五輪の金メダル4個を獲得した北島康介(33=日本コカ・コーラ)が8日、現役引退を表明した。

 男子200メートル平泳ぎ決勝で2分9秒96、5位に終わった。これで出場全種目を終え、5大会連続五輪出場の可能性はなくなった。

 レース後、取材エリアで「悔いは残っていない。真剣勝負はこれで終わりです」と明かした。

 レース直後のインタビューでは自分の気持ちを北島らしくファンに伝えた。「わりとすがすがしい気持ち。最後まで自分なりのレースができたんじゃないかな。結果は良くないけれど五輪行きたい気持ちを、もう1度持ってやれた。僕の中でも頑張り切れた。悔しいけれど、はればれしい。やり切った感でいっぱい。選手として最後はここまでだったけど、ここまでパフォーマンスできた。自信を持って次のステージにいきたい」と話し涙した。

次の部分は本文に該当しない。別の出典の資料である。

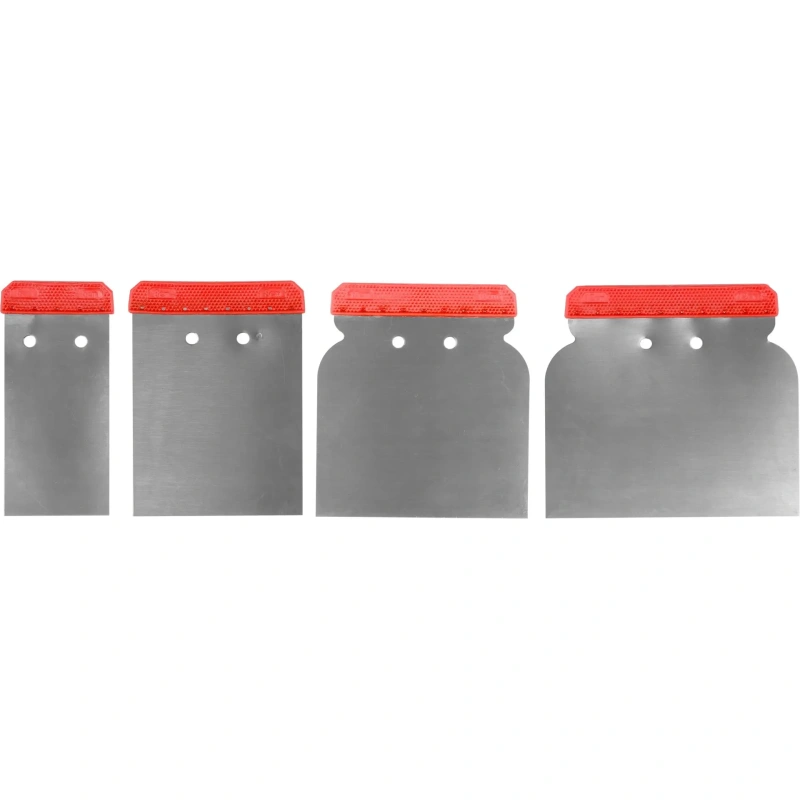 Neli ristkülikukujulist spaatlit flops. Roostevaba elastne leht, mis on valmistatud plastist käepidemega. Komplekt sisaldab spaatleid järgmiste laiustega: 50, 80, 100 ja 120 mm.
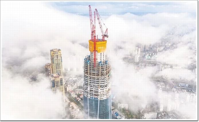 陽光下,玻璃幕墻熠熠生輝,建設(shè)者們正在全力以赴,沖刺300米高度的節(jié)點(diǎn)(詞條“節(jié)點(diǎn)”由行業(yè)大百科提供)目標(biāo)!
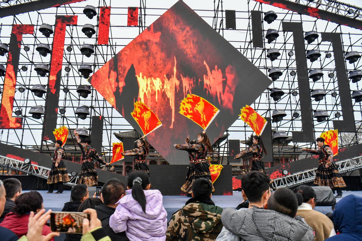 这是2月27日在山西省晋中市平遥古城拍摄的文艺表演。新华社记者 曹阳 摄
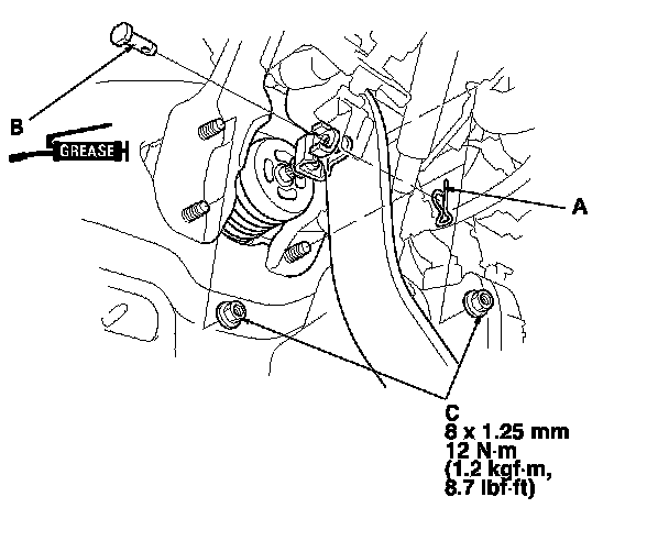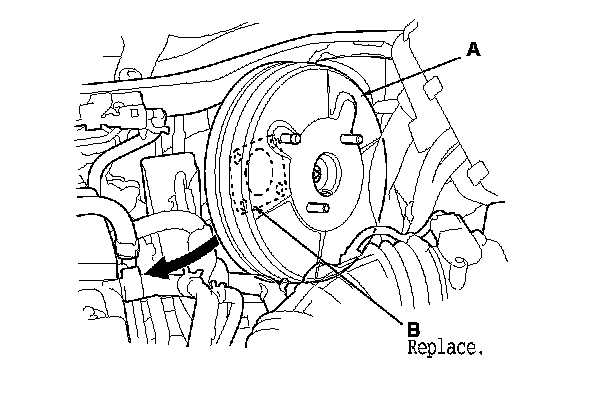 NOTE: Use the new brake booster gasket (B) during reassembly.
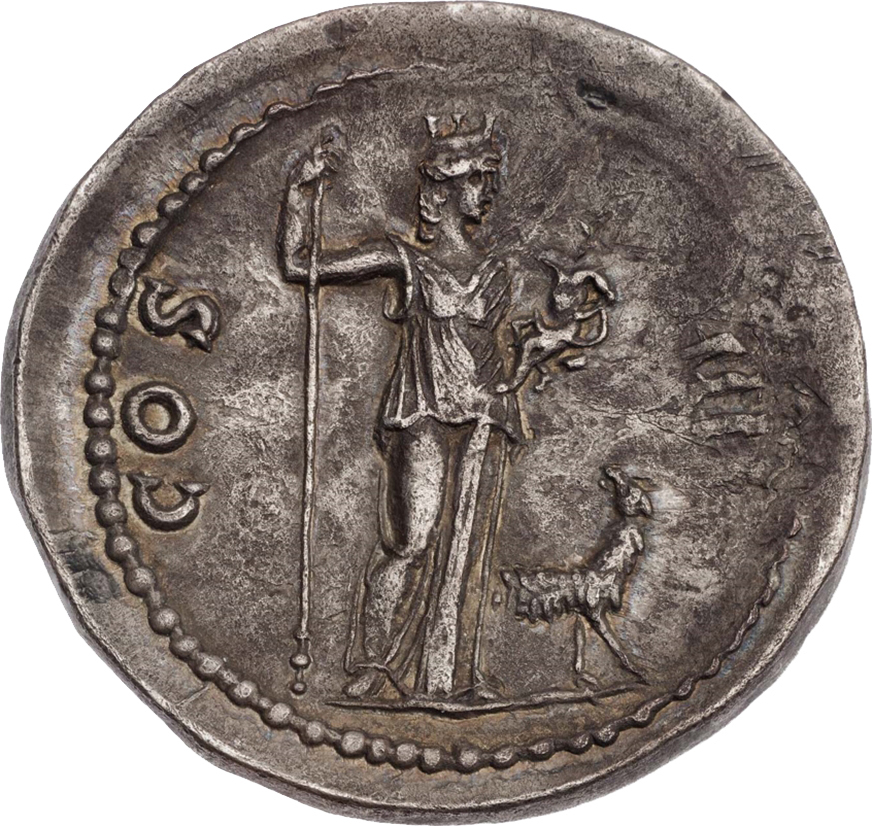 Amaltheia standing right holding infant Jupiter in right and vertical staff in left; at her feet, goat looking back
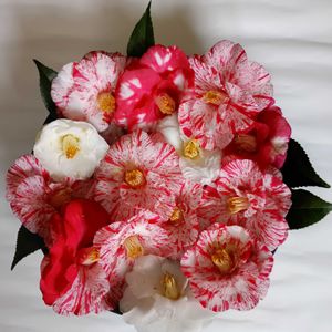 ツバキ 我が家のツバキの1本。 1本の木にいろいろな色の お花さんの顔が 見られます。 楽しくお話ししている かのようです。 o(^-^)o(@^▽^@)٩(๑❛ᴗ❛๑)۶
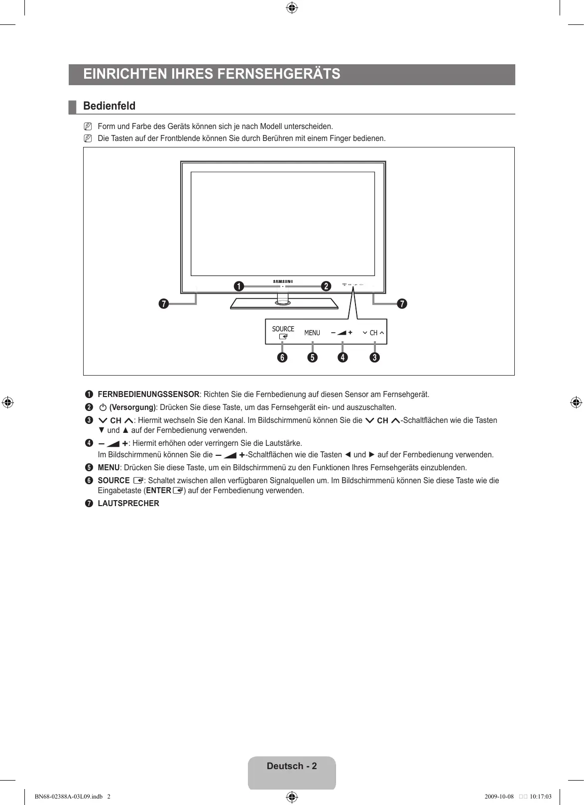 Hinweis Zielwahltaste TOOLS-Taste Drücken Deutsch - BN68-02388A-03L09.indb 1 2009-10-08 10:17:03 Einrichten Ihres Fernsehgeräts ¦ Bedienfeld N Form und Farbe des Geräts können sich je nach Modell unterscheiden. N Die Tasten auf der Frontblende können Sie durch Berühren mit einem Finger bedienen.

 日本競泳界のエースとして長く活躍した。五輪は2000年シドニー大会に高校3年で初出場。100メートル平泳ぎで4位入賞した。2002年アジア大会の200メートル平泳ぎで世界新記録を樹立し、一躍世界のトップ選手となった。その勢いを持続し、2004年アテネ五輪では100メートル、200メートルの2種目で金メダルを獲得。レース後の「チョー気持ちいい」という言葉は流行語となった。2008年北京五輪でも2冠を達成。インタビューでは感極まり「なんも言えねえ」と答えた。

 2012年ロンドン五輪では個人種目のメダルは逃したものの、男子400メートルメドレーリレーで銀メダルを獲得。チームリーダー松田の「康介さんを手ぶらで帰らせるわけにはいかない」とのコメントは話題となった。

 小学生の頃から現競泳委員長の平井伯昌氏の指導を受け、金メダリストまで上り詰めた。大学を卒業してからは事実上のプロ選手として活動。マネジメント会社の社長も務めるなど、日本の競泳界に新たな道を切り開いた選手だった。

 1位は2分8秒45で小関也朱篤(24=ミキハウス)、2位は2分9秒45で渡辺一平(19=早大)。同種目で2選手がリオ五輪切符を手にした。